句集「あの時この時」黒木千草句集
拝受。
日常生活が珠玉の言葉の俳句として記録されている。
この句集をみて、日常生活を詠むということの重みが感じられた。
吟行を句にするのと違って日々、経験している生活感を言葉にするということで簡単な様に思われがちだが実に難しいことなんだと思いました。
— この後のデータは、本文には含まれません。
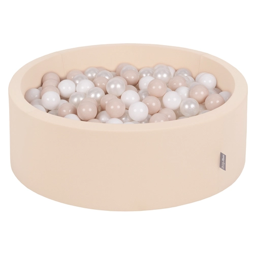 KiddyMoon Baby Foam Ball Pit with Balls ∅ 7cm / 2.75in, beige: pastel beige/white/pearl, 90x30cm/200 balls
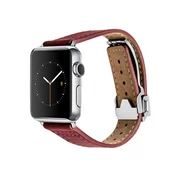 Luxusní kožený řemínek v temně rudé barvě s adaptéry z nerezové oceli pro Apple Watch velikosti 42 mm. Z naprosto rovného střihu a pečlivě vybírané kůže doslova vyzařuje nadčasová elegance, zatímco výrazné obvodové prošívání barevně ladící nití dodává řemínku šmrnc moderní klasiky. Zdvojená vrstva překvapivě lehké kůže zaručuje, že si řemínek dlouhodobě uchová pevný tvar a masivní vzhled. Vrcholem luxusu je stylová překlápěcí spona, kterou ukotvíte v dírkách řemínku podle potřeby. Tento způsob zapínání je rychlý, pohodlný a také mnohem šetrnější k samotnému řemínku, jehož volný konec je důmyslně uschován a nenarušuje estetickou harmonii s pouzdrem hodinek. Barva spony i adaptérů z kvalitní nerezové oceli koresponduje s odstínem Apple Watch, u adaptérů věnoval výrobce obrovskou pozornost také tomu, aby bylo stejně jednoduché řemínek vyměnit jako nosit. Vlastnosti: Luxusní výměnný řemínek pro Apple Watch velikosti 42 mm Design ve stylu moderní klasiky Vysoce kvalitní materiály a precizní zpracování Rovný střih a obvodové obšití výraznou nití Zdvojená vrstva vyběrové pravé kůže Překlápěcí spona s nastavitelnou pozicí na řemínku Spona a adaptéry z kvalitní nerezové oceli v odstínu Apple Watch Vhodný pro Apple Watch z nerezové oceli i Apple Watch Sport ze stříbrného hliníku Délka řemínku: 136 až 188 mm Recenze: Ondra's IHelp Jablíčkář.cz Motto americké společnosti Monowear, která se soustředí čistě na výrobu řemínků a jiného příslušenství pro Apple Watch, zní: Správný řemínek pro správnou příležitost a místo. A také za správnou cenu. Její nabídka proto zahrnuje ohromující kombinace materiálů a barev pro každou velikost i odstín Apple Watch. Ale ať už se jedná o luxusní kůži s motýlkovou sponou nebo nylon s kovovými přezkami, vždy se můžete spolehnout na vysokou kvalitu, užitnou hodnotu a originální design, který bude vždy perfektně ladit s Apple Watch. Monowear je aktuálně druhým největším výrobcem řemínků pro Apple Watch, hned po samotné společnosti Apple.
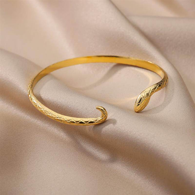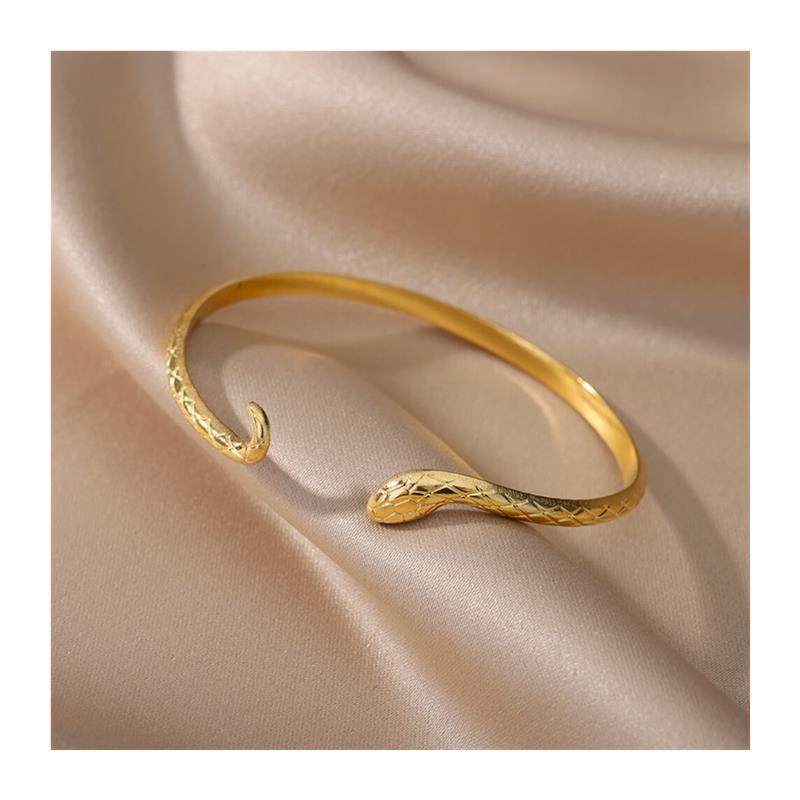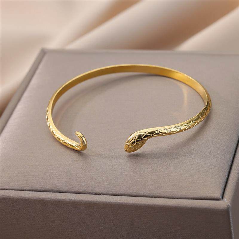 Punk Snake Bangles For Men Women Open Gold Color Stainless S

作者は、童子で25年間俳句を作って来られたということ。
その25年間の俳句生活は、同時に四半世紀に渡る暮らしの記録であった。
特に母の死、父の死が記録されている。誰しも経験する人生の通過儀礼として、他人の目からみれば、簡単に言われてしまいがちだが、本人にとっては非常に重たいということは、私自身も母親の急逝により経験した。
正月をはづしわが母逝かれけり
私の母も昨年の大晦日近い時期に亡くなったが、作者の場合は、三が日を明けてからの母君のご逝去だったのでしょう。
寒晴や母の匂ひの消えゆける
父一人残して帰るちちろかな
これも私の経験したことに重なってくる。母親が先になくなったのも同じ。「母の匂ひ」というのは、子にしか判らない暖かみのある独特の匂ひであり、それは、母親が骸になっても、母親の傍にいる時は感じられるが、火葬にされて昇天されれば、その匂ひや雰囲気は薄れていってしまうものだと感じた。
父から電話一分冬麗
母親を亡くした冬の季節に父から安寧を知らせる電話が入った。たった1分の電話だけれど、それだけで嬉しいものだと感じたのだろう。
はじまれる父の介護や八月尽
秋入日父の不在を実感し
父親も介護生活に入ったのでしょう。施設に泊まってがらんとした部屋の中に居る作者の姿がみえてきます。
冬の夜や危篤の父と二人にて
返事せぬ父に語りて松明ける
相続はこれで完了春北風
とうとうお父様も亡くなられた寂しさが浮かんでくる。
両親はもう居らずして盆の家
入学子再挑戦を言ひ出せる
寒明や山羊当番の娘を送り
両親を見送った心境の句も句集に載せられており、やがて、私も父もなくし、1人ぼっちになるが、そういった未来の状況をみるような気持ちで、句集を読み進む。やはり、親を失った哀しみとは、決別しがたいものがあるが、夫婦子供と五人の家族の暮らしが未来に向けて続いていくそういった希望というのもこの句集を読んで感じられた。
私は、父母を亡くすと信州の弟以外には身寄りはおらず、天涯孤独に近い状態。父親は、目の手術で入院する。刻々と時が過ぎていくのを感じて、この句集を閉じたのだった。